O Reencontro
Quando a porta se abriu, não havia dobradiças rangendo nem vento entrando pela fresta. Era um limiar de silêncio.
Do outro lado, ele esperava — não como quem retorna de uma longa viagem, mas
como quem nunca tivera ido.
Ela não correu, não gritou,
não caiu em pranto. Apenas estendeu o braço, simples e humano, como tantas
vezes fizera em manhãs que já pareciam distantes. E ele recebeu o gesto como
sempre recebera: com a naturalidade de quem guarda um lugar que jamais foi
desfeito.
Não houve espaço de
ausência entre os dois. O tempo, caprichoso como rio que se desdobra em mil
curvas, de repente se endireitou. E as margens, antes apartadas, se tocaram.
— Estás aqui? — perguntou
ela, sem saber se precisava da resposta.
— Estou, como sempre estive — disse ele, e a voz parecia feita de lembrança e
promessa ao mesmo tempo.
Caminharam lado a lado por
uma rua que não estava em nenhum mapa. O chão era feito de um material
indecifrável: ora parecia pedra antiga, ora espuma de nuvem. As árvores se
curvavam ao vento, mas em vez de folhas deixavam cair palavras luminosas.
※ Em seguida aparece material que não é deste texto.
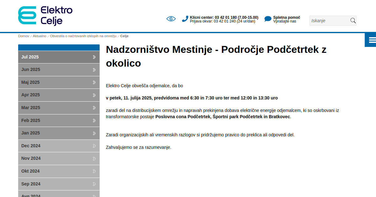 Elektro Celje obvešča odjemalce, da bo Poslovna cona Podčetrtek, Športni park Podčetrtek in Bratkovec v petek, 11. julija 2025, predvidoma med 6:30 in 7:30 uro ter med 12:00 in 13:30 urozaradi del na distribucijskem omrežju in napravah prekinjena dobava električne energije odjemalcem, ki so oskrbovani iz transformatorske postaje

Algumas se prendiam nos cabelos dela, outras se dissolviam no ar, perfumando a
caminhada com histórias.
Ela começou a contar:
Do dia em que comprou flores só para não chorar no mercado.
Do riso das crianças, que sempre vinham lembrar que a vida tem sede de seguir.
Do silêncio das noites, quando conversava com o vazio apenas para manter a voz
viva.
Ele ouvia, atento. Não
interrompia. Apenas segurava o braço dela com firmeza, como quem ancora.
— E agora? — perguntou ela,
quando a rua começou a se transformar em campo aberto, iluminado por uma lua
que não obedecia ao céu.
— Agora, caminhamos. Não há passado nem futuro, apenas este presente que é todo
nosso.
Ele disse isso, e ela
percebeu que não era mais preciso falar de ausência. Não havia contas a
acertar, nem lágrimas a explicar. Estavam de volta ao começo, onde o amor é só
gesto: um braço dado, um passo após o outro.
No horizonte, erguiam-se
portas feitas de luz. Talvez fossem entradas para mundos novos, talvez apenas
miragens. Não importava. Importava o movimento: o seguir.
E assim foram. Conversando
como quem colhe estrelas no caminho, falando da vida que ainda os esperava —
não atrás, mas adiante. Uma vida em outro lugar, tecido de metáforas e
encantos, onde nada se perde porque tudo, de algum modo, permanece.